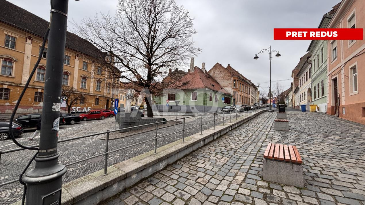 TABOO Imobiliare propune un apartament de vanzare cu 2 camere, semidecomandat, situat in localitatea Sibiu, zona Centrul Istoric, aflat la etajul 1 intr -un imobil tip casa cu regim de inaltime Parter + 1 Etaj; anul constructiei 1900, structura caramida. Suprafata utila de 93 mp + balcon de 9 mp si pivnita de 10 mp
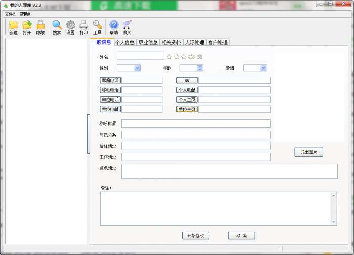 我的人际库官方版是一款实用的信息数据管理软件。我的人际库最新版采用安全性极高的易数据库用于存放人际资料数据。我的人际库官方版能很好的帮助你管理你的通讯录,除具有通讯录功能外,还能方便的梳理人际网络、管理各种人际资料(包括文字、图片、音视频等)、进行人际分析处理以及商业客户管理。
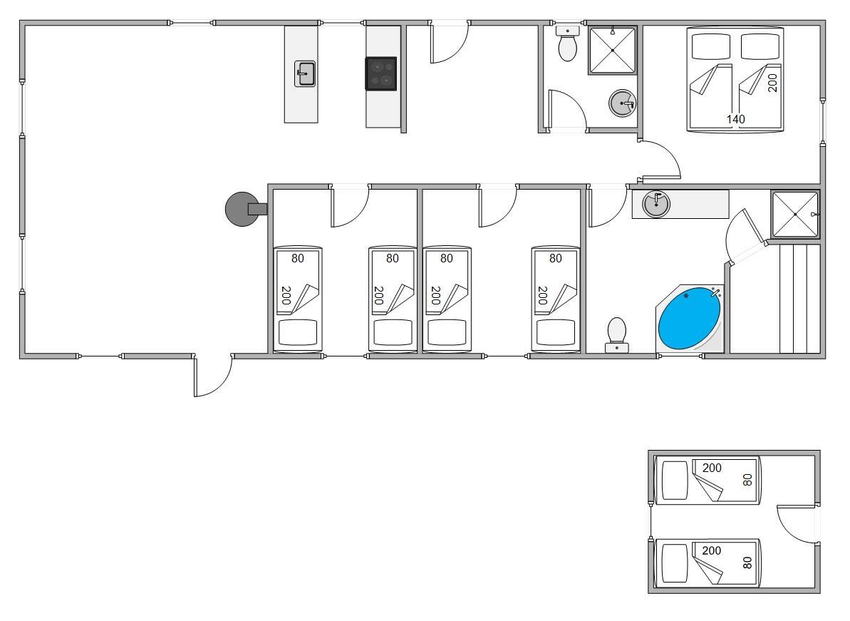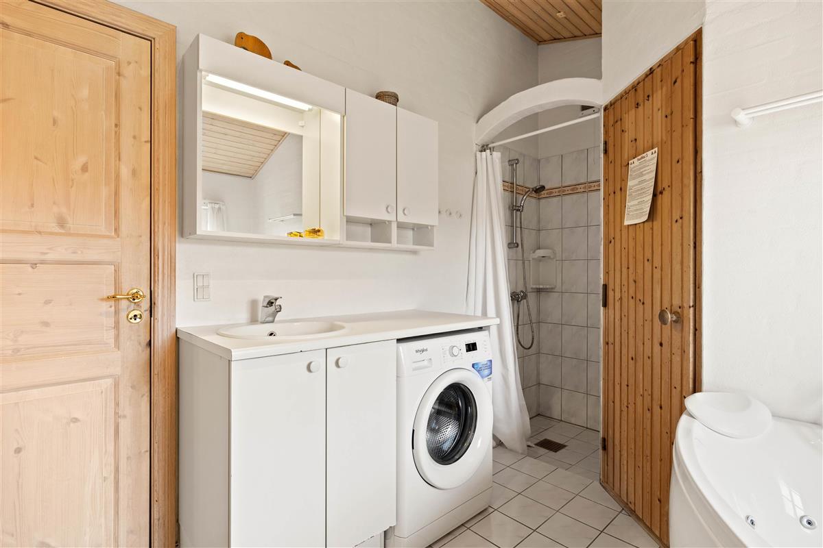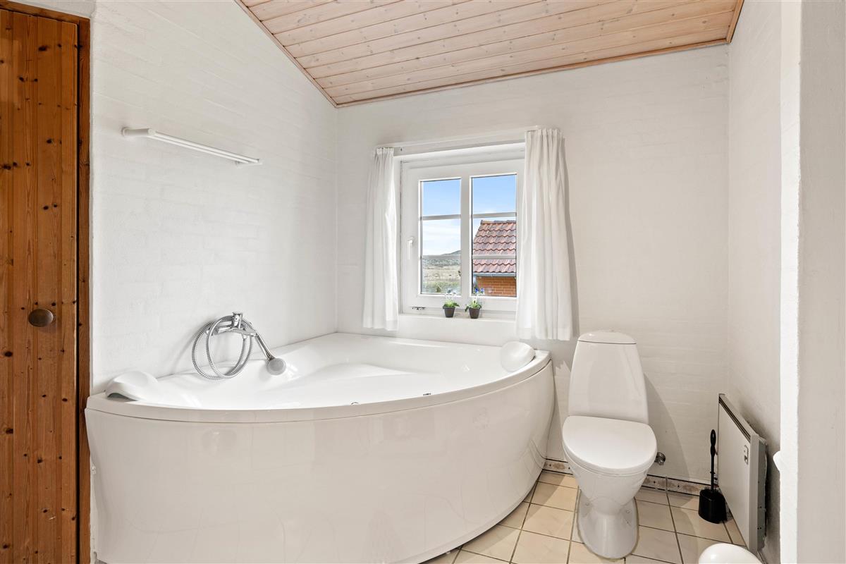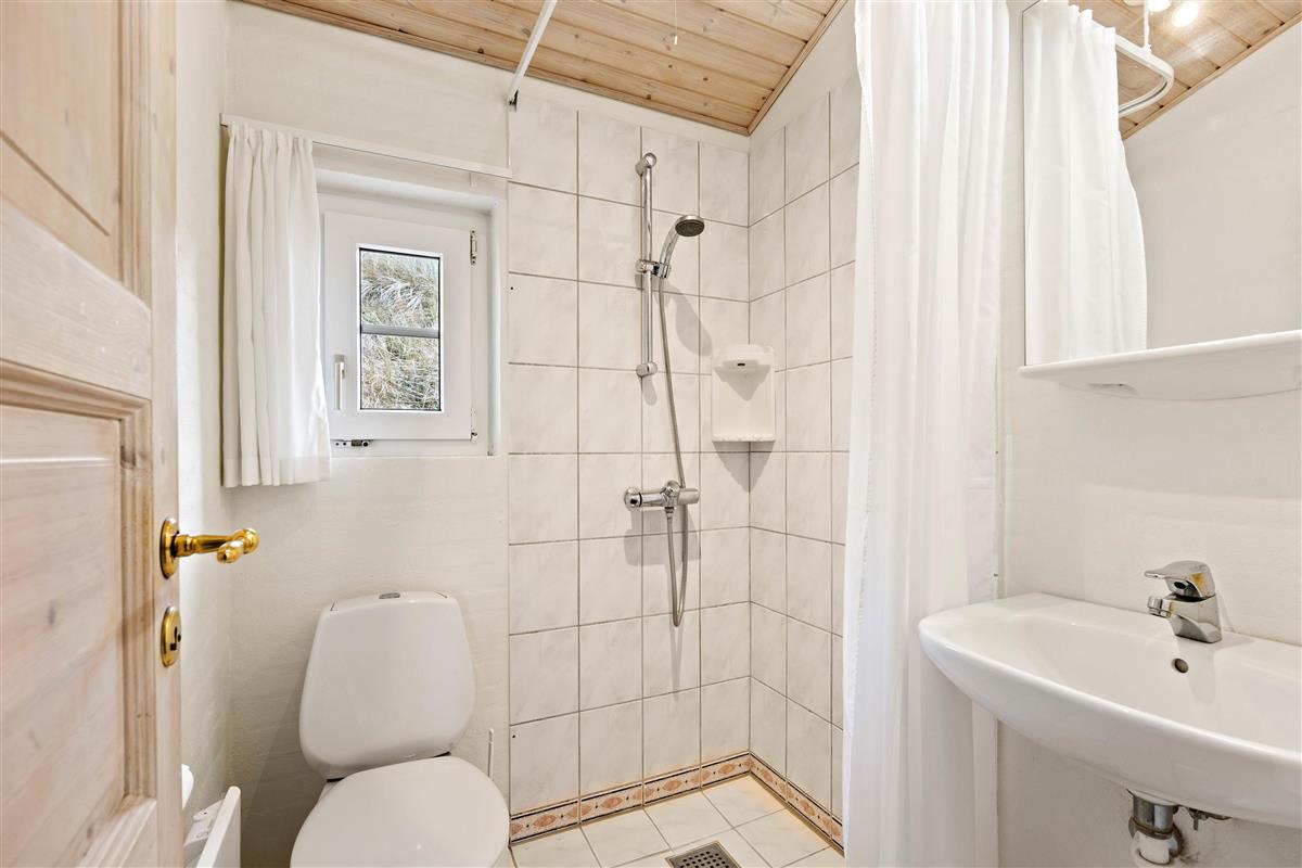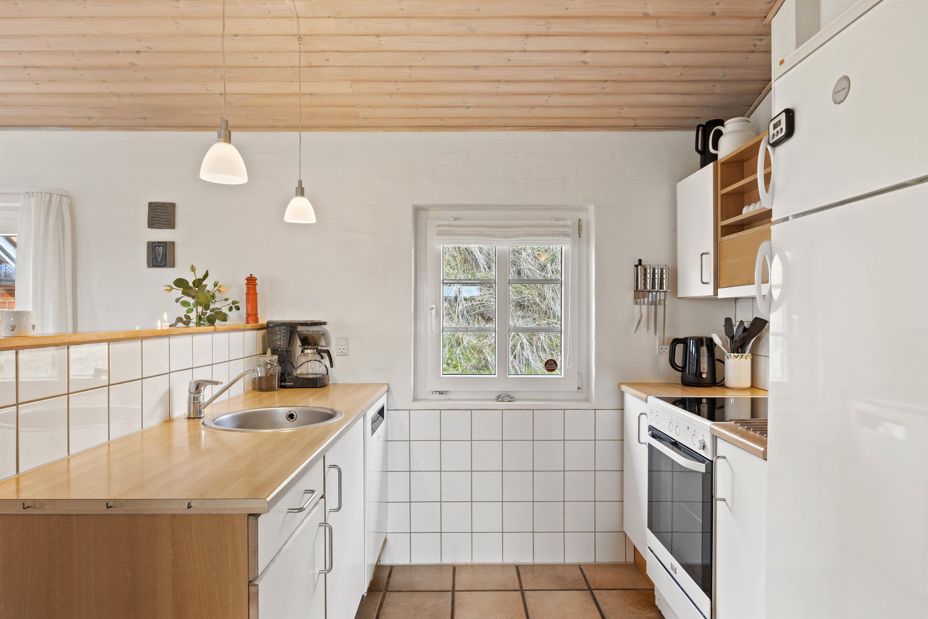The holiday home at Vinterlejevej 7 is furnished in traditional Danish holiday home style. The open-plan living area forms the heart of the holiday home, combining the living room, dining area and kitchen to create a sociable space for family and friends. The spacious living area features a wood-burning stove, complemented by an energy-efficient heat pump for cooler days.

What is needed — Keep pictures out and return the lines from the one containing "我的人际库官方版是一款实用的" through the end of the listing, both included, character for character.

Solution to the problem —
 我的人际库官方版是一款实用的信息数据管理软件。我的人际库最新版采用安全性极高的易数据库用于存放人际资料数据。我的人际库官方版能很好的帮助你管理你的通讯录,除具有通讯录功能外,还能方便的梳理人际网络、管理各种人际资料(包括文字、图片、音视频等)、进行人际分析处理以及商业客户管理。
The holiday home at Vinterlejevej 7 is furnished in traditional Danish holiday home style. The open-plan living area forms the heart of the holiday home, combining the living room, dining area and kitchen to create a sociable space for family and friends. The spacious living area features a wood-burning stove, complemented by an energy-efficient heat pump for cooler days.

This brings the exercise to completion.